(Items from a data source)
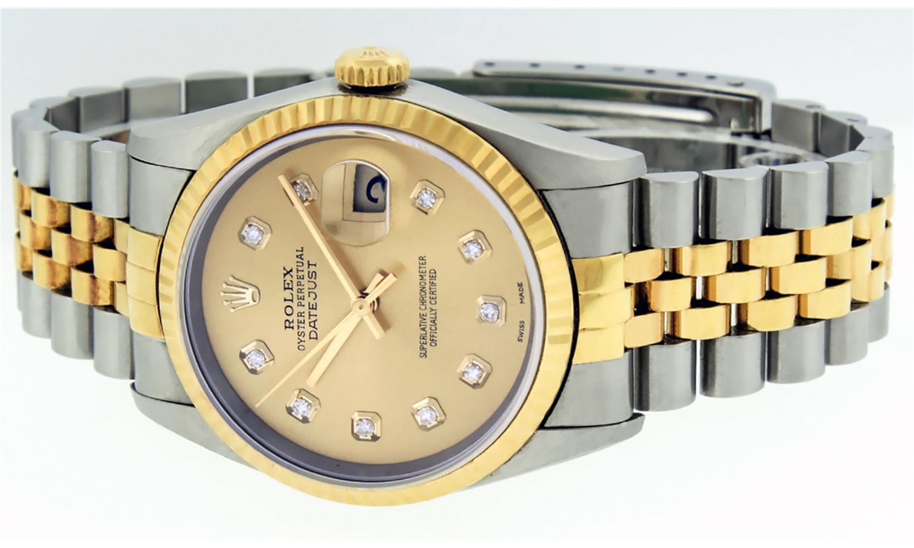 One Mens Pre Owned Rolex Two Tone Stainless Steel and Yellow Gold Datejust Polished Bright with Satin Finish, Serviced & Electronically Tested, Stainless Steel Case: 36mm, Stainless Steel Crown, Rolex Bezel: Yellow Gold Fluted Bezel. Custom Crystal: New Sapphire With Date Window. Custom Hands: New Solid Hands. Rolex Movement: Automatic Winding Movement Caliber 3135. Custom Dial: Champagne With Custom Added Diamond Hour Markers, Diamond Count: 10 Diamonds in Dial. Date Window: 3 O'Clock Position Date Display, Quickset, Model: Quickset Datejust. Condition: G-6 Extra Fine. Rolex Bracelet: Stainless Steel and Yellow Gold Jubilee Band. Bright Polish & Satin Finish. 7.0 Inch Length, Adjustable. Standard Clasp, With Rolex Logo.
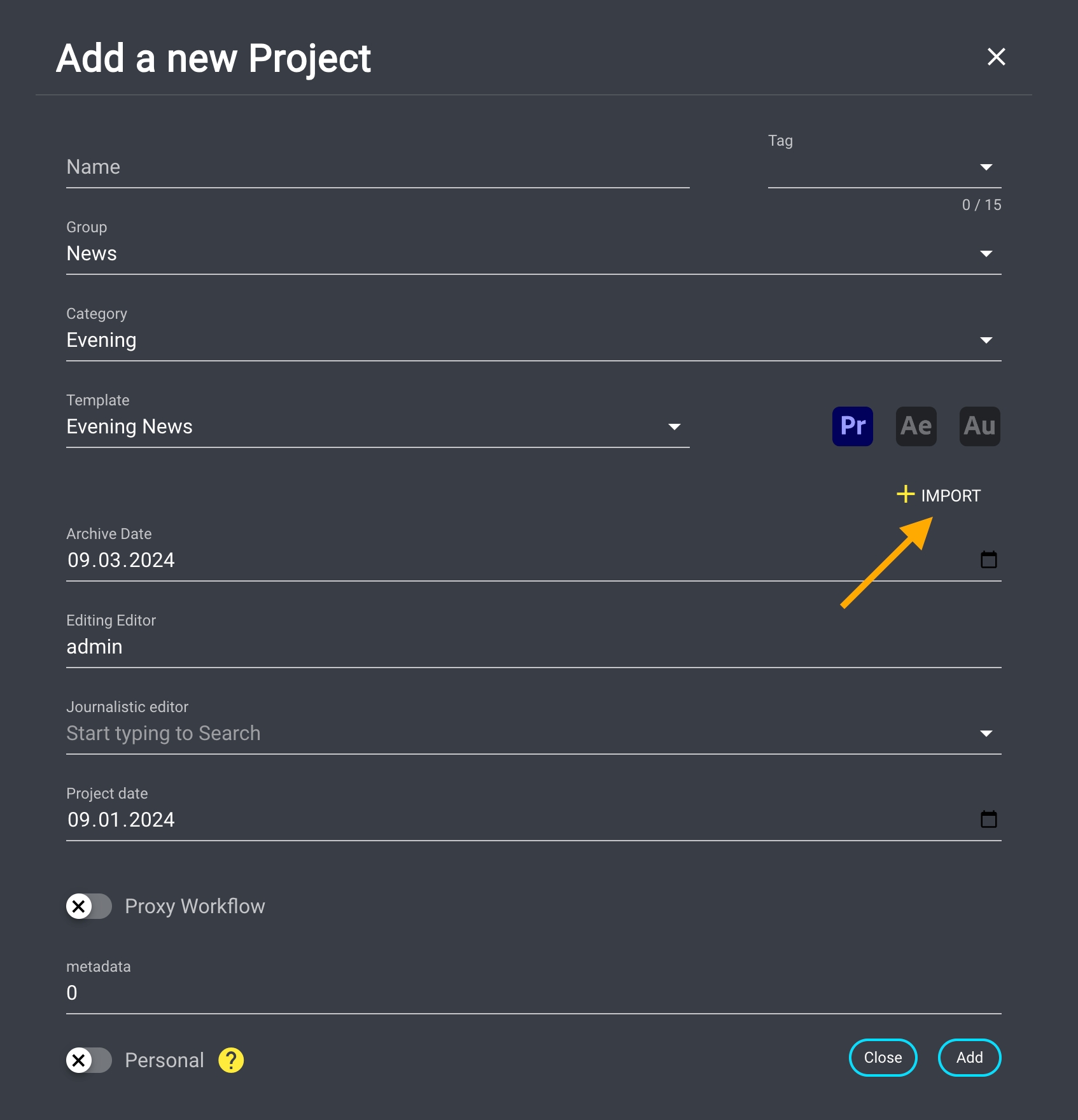 This trigger will be executed in place of the Create_Project trigger when a project is imported in the 'Add a New Project' dialog overlay.
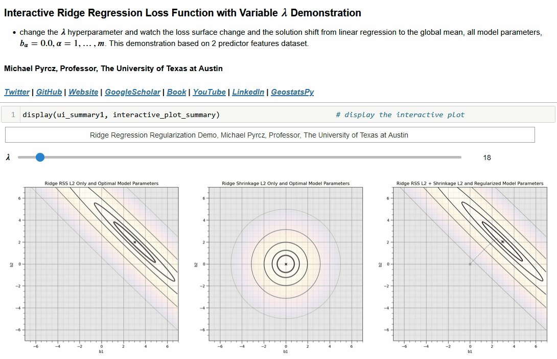 I teach ridge regression in my #MachineLearning course as a first introduction to #hyperparameter tuning & model #regularization. In some cases linear regression is too complicated! My students were interested in how regularization changes the loss function, I so I made this…
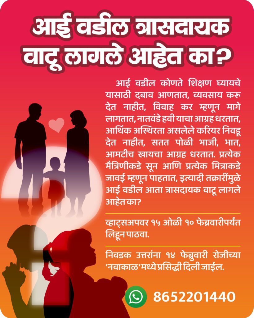 Navakal Valentine Day Special : आई वडील त्रासदायक वाटू लागले आहेत का? यावर तुमचं मत काय? खाली दिलेल्या नंबरवर तुमचे मत कळवा..तुमची निवडक मते ‘नवाकाळ पेपर तसेच नवाकाळ डिजिटलवर नावासहित’ प्रसिद्ध होतील…
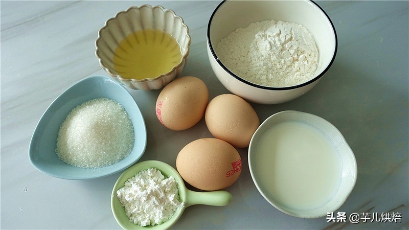 食材:低筋面粉 68克,玉米油 37克,牛奶 55克,鸡蛋 3个,细砂糖 40克,玉米淀粉 10克,白醋 数滴。
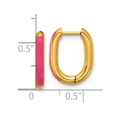 Chisel Stainless Steel Yellow IP-plated with Pink Enamel 2.40mm Elongated Hinged Hoop Earrings
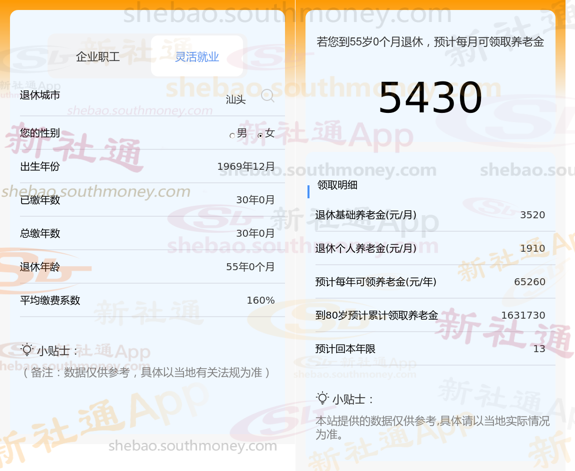 社保按160%档次缴费的秦某,汕头城市退休,出生于1969年,工龄30年,女性。岁月流转,她终于迎来了自己的退休年龄。根据新社通app养老金在线计算器计算所得:
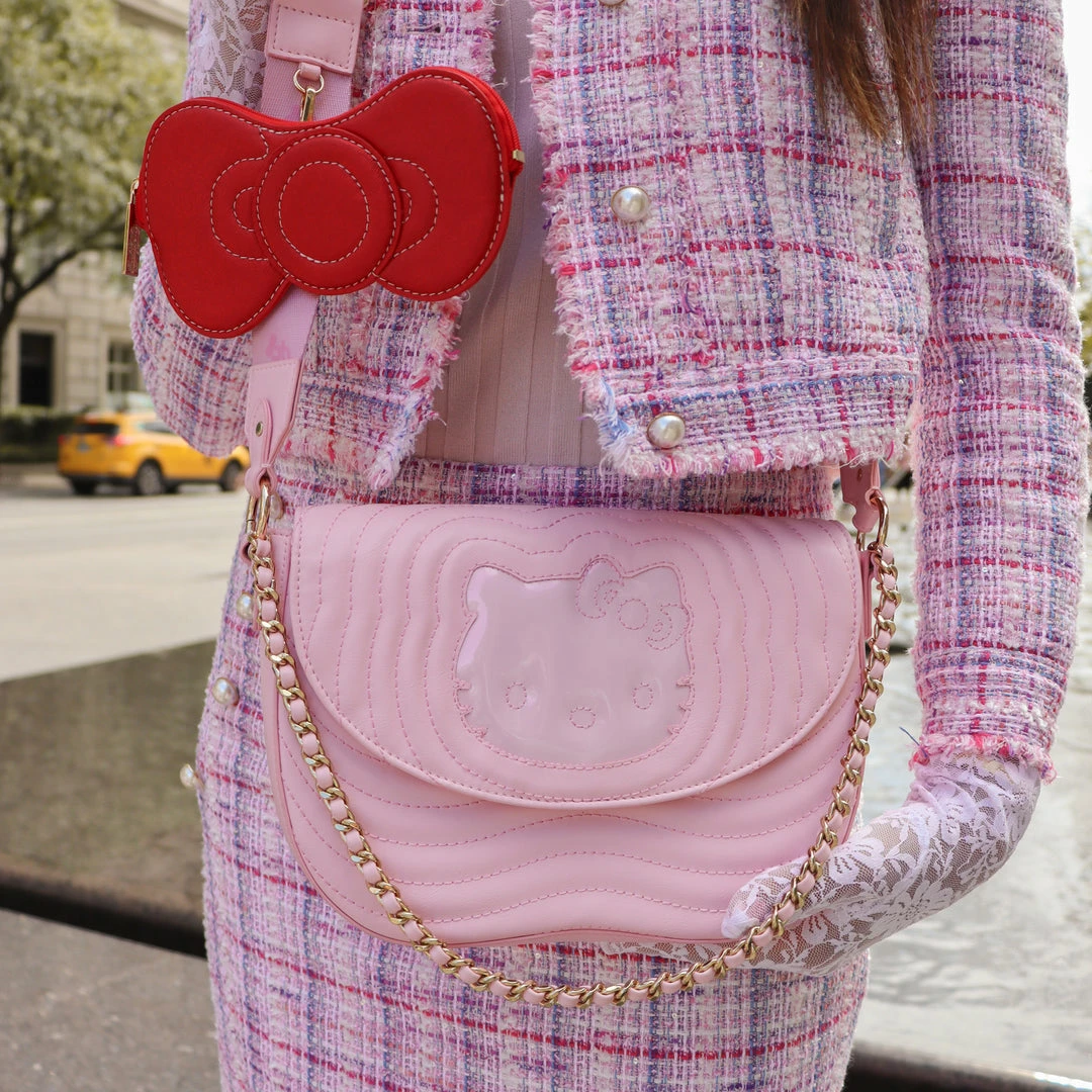 Oh so chic! This quilted crossbody and coin purse is for all the it-girls and it-boys. Done in theΒ perfect pastel pink shade, with quilted material, and Hello Kittyβs face embroidered in pink stitching. Featuring an adjustable webbed strap with Hello Kittyβs signature, a red oversized bow coin purse, and gold chain details, this crossbody will go with all your looks.
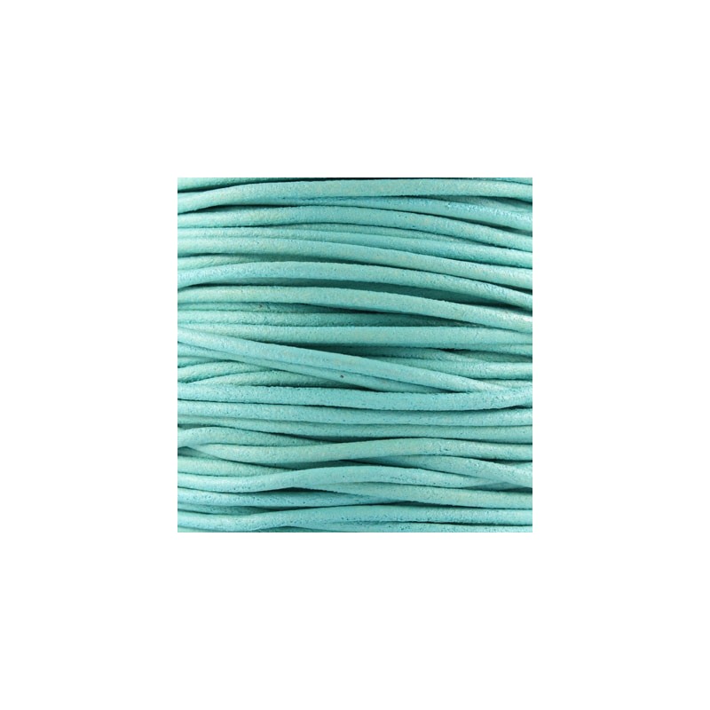 - Cuero redondo de 2 mm de grosor en color verde turquesa, fabricado en España. Este cuero es de alta calidad y es ideal para hacer pulseras, colgantes y nudos como el corredizo.

### Task instructions
Would you output the data exactly, without any of its images?

### Task result
 One Mens Pre Owned Rolex Two Tone Stainless Steel and Yellow Gold Datejust Polished Bright with Satin Finish, Serviced & Electronically Tested, Stainless Steel Case: 36mm, Stainless Steel Crown, Rolex Bezel: Yellow Gold Fluted Bezel. Custom Crystal: New Sapphire With Date Window. Custom Hands: New Solid Hands. Rolex Movement: Automatic Winding Movement Caliber 3135. Custom Dial: Champagne With Custom Added Diamond Hour Markers, Diamond Count: 10 Diamonds in Dial. Date Window: 3 O'Clock Position Date Display, Quickset, Model: Quickset Datejust. Condition: G-6 Extra Fine. Rolex Bracelet: Stainless Steel and Yellow Gold Jubilee Band. Bright Polish & Satin Finish. 7.0 Inch Length, Adjustable. Standard Clasp, With Rolex Logo.
 This trigger will be executed in place of the Create_Project trigger when a project is imported in the 'Add a New Project' dialog overlay.
 I teach ridge regression in my #MachineLearning course as a first introduction to #hyperparameter tuning & model #regularization. In some cases linear regression is too complicated! My students were interested in how regularization changes the loss function, I so I made this…
 Navakal Valentine Day Special : आई वडील त्रासदायक वाटू लागले आहेत का? यावर तुमचं मत काय? खाली दिलेल्या नंबरवर तुमचे मत कळवा..तुमची निवडक मते ‘नवाकाळ पेपर तसेच नवाकाळ डिजिटलवर नावासहित’ प्रसिद्ध होतील…
 食材:低筋面粉 68克,玉米油 37克,牛奶 55克,鸡蛋 3个,细砂糖 40克,玉米淀粉 10克,白醋 数滴。
 Chisel Stainless Steel Yellow IP-plated with Pink Enamel 2.40mm Elongated Hinged Hoop Earrings
 社保按160%档次缴费的秦某,汕头城市退休,出生于1969年,工龄30年,女性。岁月流转,她终于迎来了自己的退休年龄。根据新社通app养老金在线计算器计算所得:
 Oh so chic! This quilted crossbody and coin purse is for all the it-girls and it-boys. Done in theΒ perfect pastel pink shade, with quilted material, and Hello Kittyβs face embroidered in pink stitching. Featuring an adjustable webbed strap with Hello Kittyβs signature, a red oversized bow coin purse, and gold chain details, this crossbody will go with all your looks.
 - Cuero redondo de 2 mm de grosor en color verde turquesa, fabricado en España. Este cuero es de alta calidad y es ideal para hacer pulseras, colgantes y nudos como el corredizo.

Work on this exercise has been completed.